- Instructions for the task -
Pictures excluded, return the lines below from the first through the line holding "穿過聚財(cái)門,通過湖".

- Dataset section -

◆ ◆ ◆ ◆ ◆ ◆ ◆

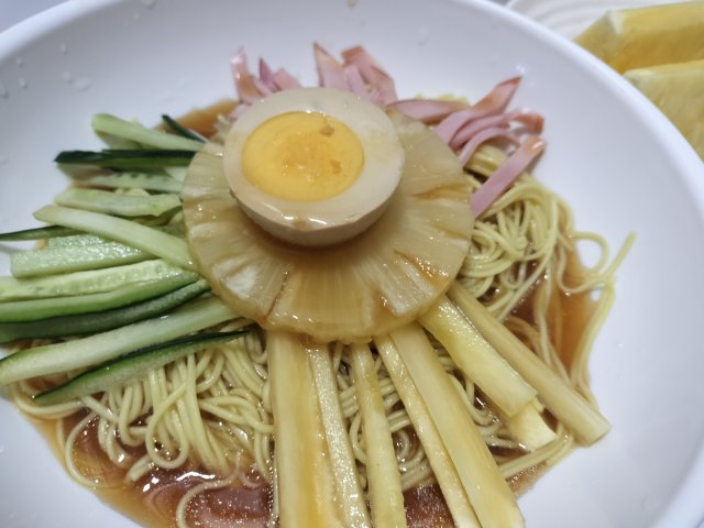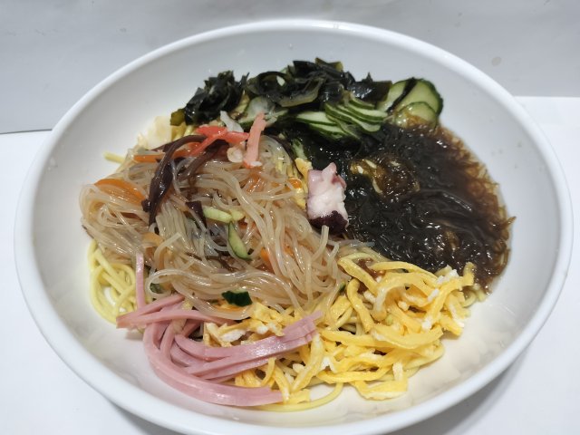 酢で漬けた具材は、冷やし中華に合いそうだ。
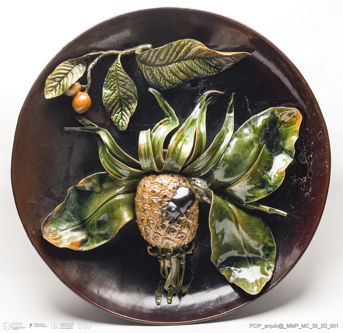 Matéria/Técnica: Barro vermelho moldado e modelado. Vidrado polícromo: preto, castanho escuro e mel, vermelho, verde e camurça; Cronologia: 1899; Autoria: Rafael Bordalo Pinheiro / Fábrica de Faianças das Caldas da Rainha, Portugal; Dimensões (cm): Altura: 20; Diâmetro: 60.
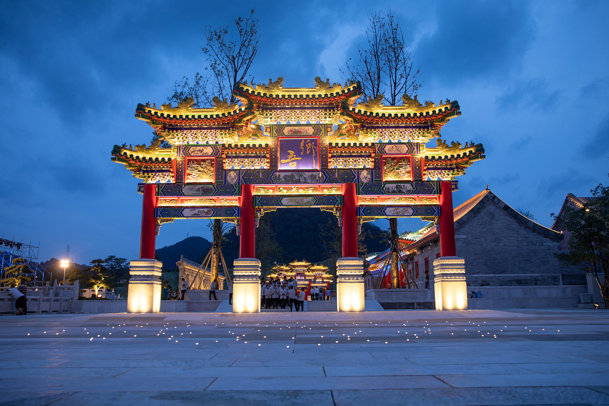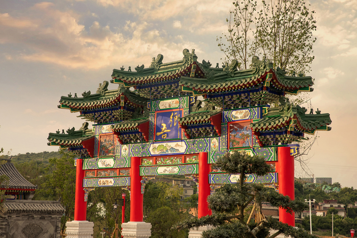 穿過聚財(cái)門,通過湖上的單孔石橋,就進(jìn)入了島上的中心廣場(chǎng),中心廣場(chǎng)的布局莊重大氣,兩座四柱七間牌坊矗立東西兩側(cè),牌坊立柱外套1.8米高石雕刻夾桿石,雕刻紋飾為傳統(tǒng)建筑中常用的“八達(dá)馬、連珠”等紋路;明樓花板雕刻“吾鄉(xiāng)”并飾金,左右次樓花板雕刻迎客松,寓意接納八方來客;花板之上為七踩昂翹斗栱;斗栱及龍門板、柱頭、梁、枋等構(gòu)件繪制“金線大點(diǎn)金旋子彩畫”;牌坊瓦面為綠琉璃瓦,并安置正吻、仙人指路、獅子、天馬、海馬等瑞獸。整個(gè)牌坊看起來莊重大氣又不失華麗。
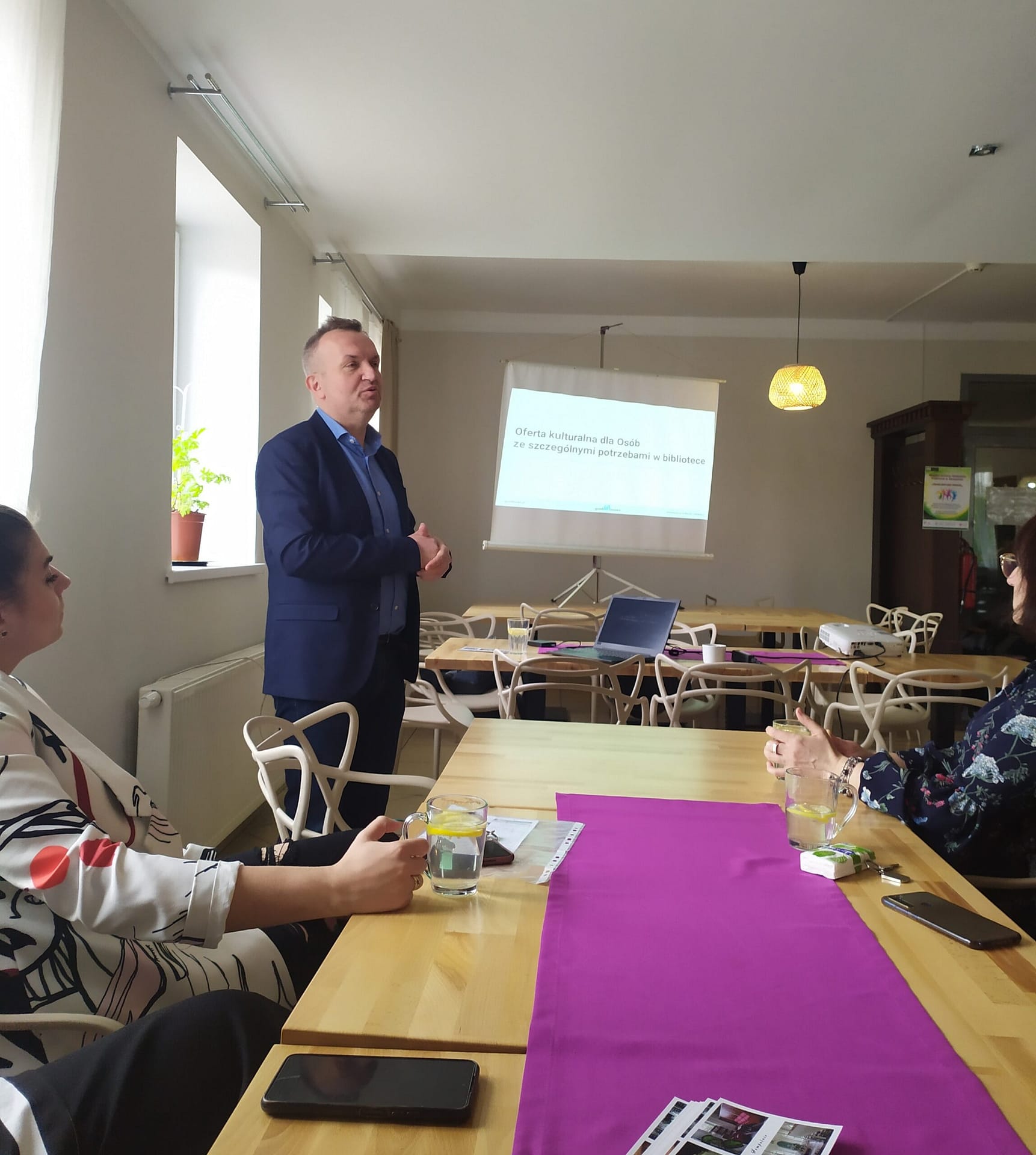 „Oferta kulturalna dla osób ze szczególnymi potrzebami w bibliotece” to temat szkolenia, które odbyło się 5 maja 2022 roku. W spotkaniu w OW ALFA w Rewalu udział wzięła kadra zatrudniona w jednostkach sektora publicznego z miejscowości Sompolno (m. in. z urzędu, ale w przeważającej części z biblioteki publicznej), a także z Konina. Szkolenie poprowadził Paweł Szczyrski, samorządowiec z 25-letnim stażem, specjalista ds. dostępności, pracownik Urzędu Miasta Szczecin, zatrudniony jako koordynator ds. dostępności.

◆ ◆ ◆ ◆ ◆ ◆ ◆

- Solution -
 酢で漬けた具材は、冷やし中華に合いそうだ。
 Matéria/Técnica: Barro vermelho moldado e modelado. Vidrado polícromo: preto, castanho escuro e mel, vermelho, verde e camurça; Cronologia: 1899; Autoria: Rafael Bordalo Pinheiro / Fábrica de Faianças das Caldas da Rainha, Portugal; Dimensões (cm): Altura: 20; Diâmetro: 60.
 穿過聚財(cái)門,通過湖上的單孔石橋,就進(jìn)入了島上的中心廣場(chǎng),中心廣場(chǎng)的布局莊重大氣,兩座四柱七間牌坊矗立東西兩側(cè),牌坊立柱外套1.8米高石雕刻夾桿石,雕刻紋飾為傳統(tǒng)建筑中常用的“八達(dá)馬、連珠”等紋路;明樓花板雕刻“吾鄉(xiāng)”并飾金,左右次樓花板雕刻迎客松,寓意接納八方來客;花板之上為七踩昂翹斗栱;斗栱及龍門板、柱頭、梁、枋等構(gòu)件繪制“金線大點(diǎn)金旋子彩畫”;牌坊瓦面為綠琉璃瓦,并安置正吻、仙人指路、獅子、天馬、海馬等瑞獸。整個(gè)牌坊看起來莊重大氣又不失華麗。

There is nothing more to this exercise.